== Work task ==
Could you repeat, exactly and with no pictures, only the lines from the start of the records through the line containing "Tags: Marvel Legacy"?

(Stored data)
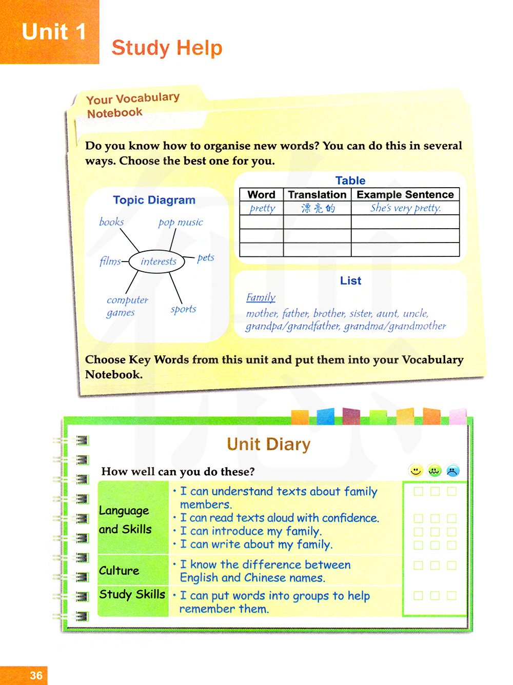 从这也单元挑选关键的单词,把它们记录在你的词汇笔记本上。
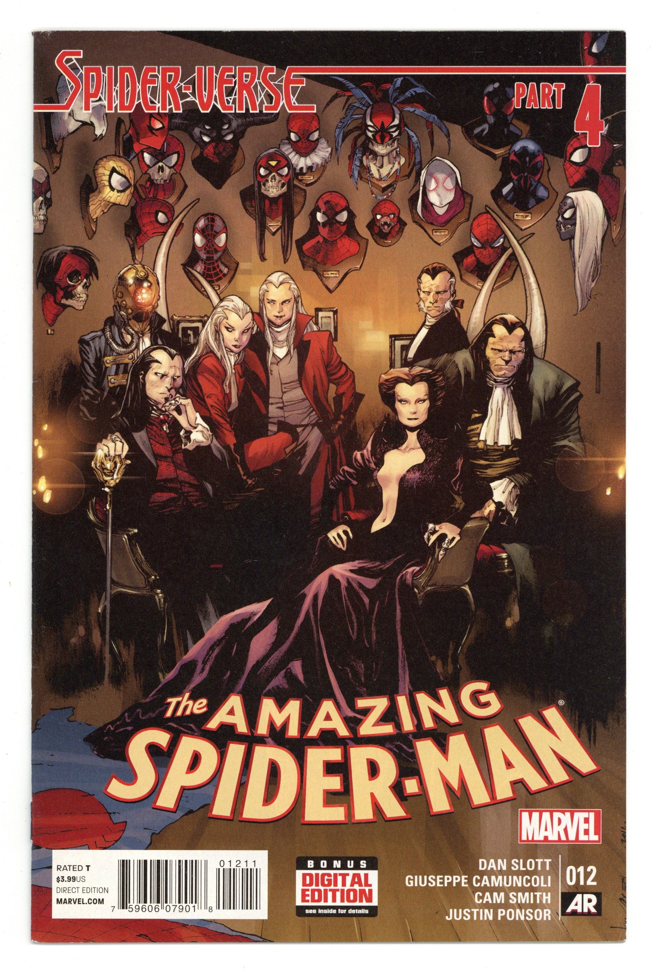 Tags: Marvel Legacy Numbering: Amazing Spider-Man (part 745), Spider-Verse (Marvel) (part 4), Spider-Man$16.00Spider-Verse: Part 4 of 6 - Written by Dan Slott. Art by Giuseppe Camuncoli. Cover by Olivier Coipel. THE FIRST HUGE BATTLE! Wait, if the first fights were just skirmishes, this can't mean anything good for the Spiders. Miles Morales shows his stuff! Silk finds something valuable on her run! Meet the most surprising Spider-Character yet! 28 pages, full color. Rated T Cover price $3.99.
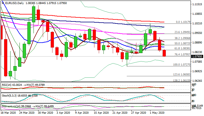 Steep fall extends into third day and probing below 1.08 support in European trading on Wednesday. Fresh bears hit the lowest in almost two weeks after bearish signal was generated on Tuesday’s close below important Fibo support at 1.0838 (61.8% of 1.0727/1.1017).
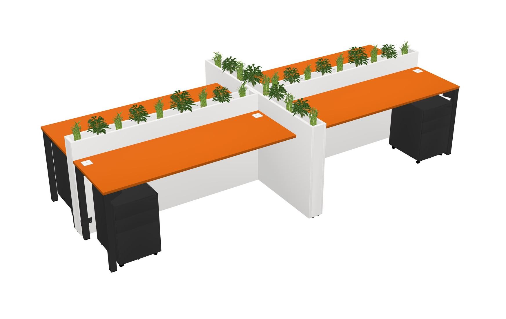 Orange Rectangular Shared Office Desk For 4 Persons Let Nature Help Flourish Your Productivity The Base Comes With An Adjustable Shelf To Provide Space For Pots (Pots & Plants Sold Separately)
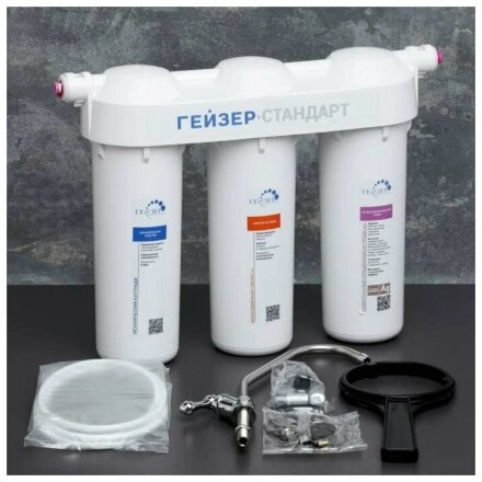 Фильтр для воды Гейзер, Стандарт, для холодной воды, система под мойку, для жесткой воды, 3 ступ
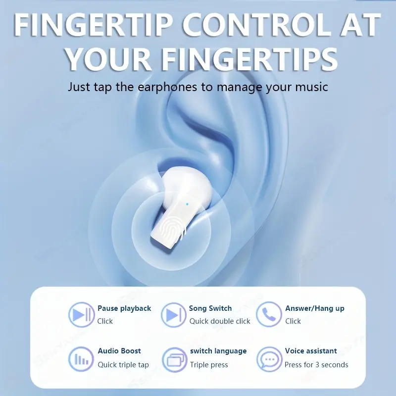 New true wireless 5.3 in-ear smart comfortable mini earphones, video earbuds, music couple TWS HIFI heavy bass 9D stereo high-definition call earphones, suitable for Android and Apple phones, sports earphones, sleep earphones
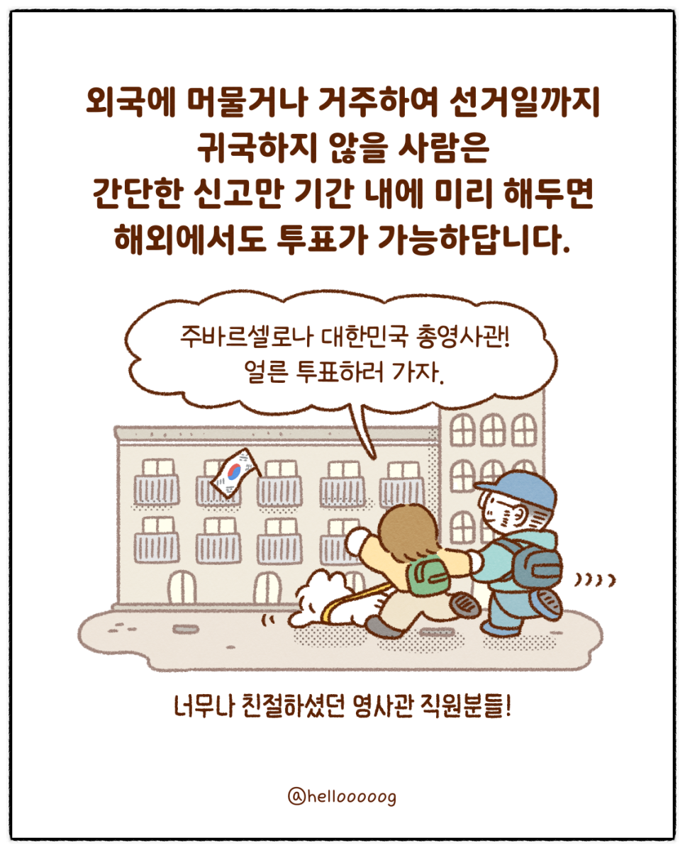 간단한 신고만 기간 내에 미리 해두면 해외에서도 투표가 가능하답니다.
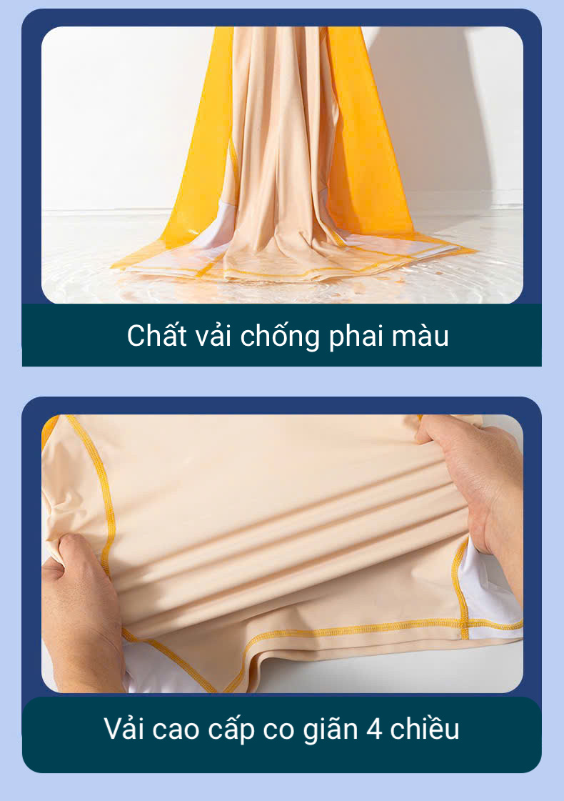 - Vải chuyên dụng cho đồ bơi cao cấp Lycra (82% Nynol + 18% Spandex)

== Exercise output ==
 从这也单元挑选关键的单词,把它们记录在你的词汇笔记本上。
 Tags: Marvel Legacy Numbering: Amazing Spider-Man (part 745), Spider-Verse (Marvel) (part 4), Spider-Man$16.00Spider-Verse: Part 4 of 6 - Written by Dan Slott. Art by Giuseppe Camuncoli. Cover by Olivier Coipel. THE FIRST HUGE BATTLE! Wait, if the first fights were just skirmishes, this can't mean anything good for the Spiders. Miles Morales shows his stuff! Silk finds something valuable on her run! Meet the most surprising Spider-Character yet! 28 pages, full color. Rated T Cover price $3.99.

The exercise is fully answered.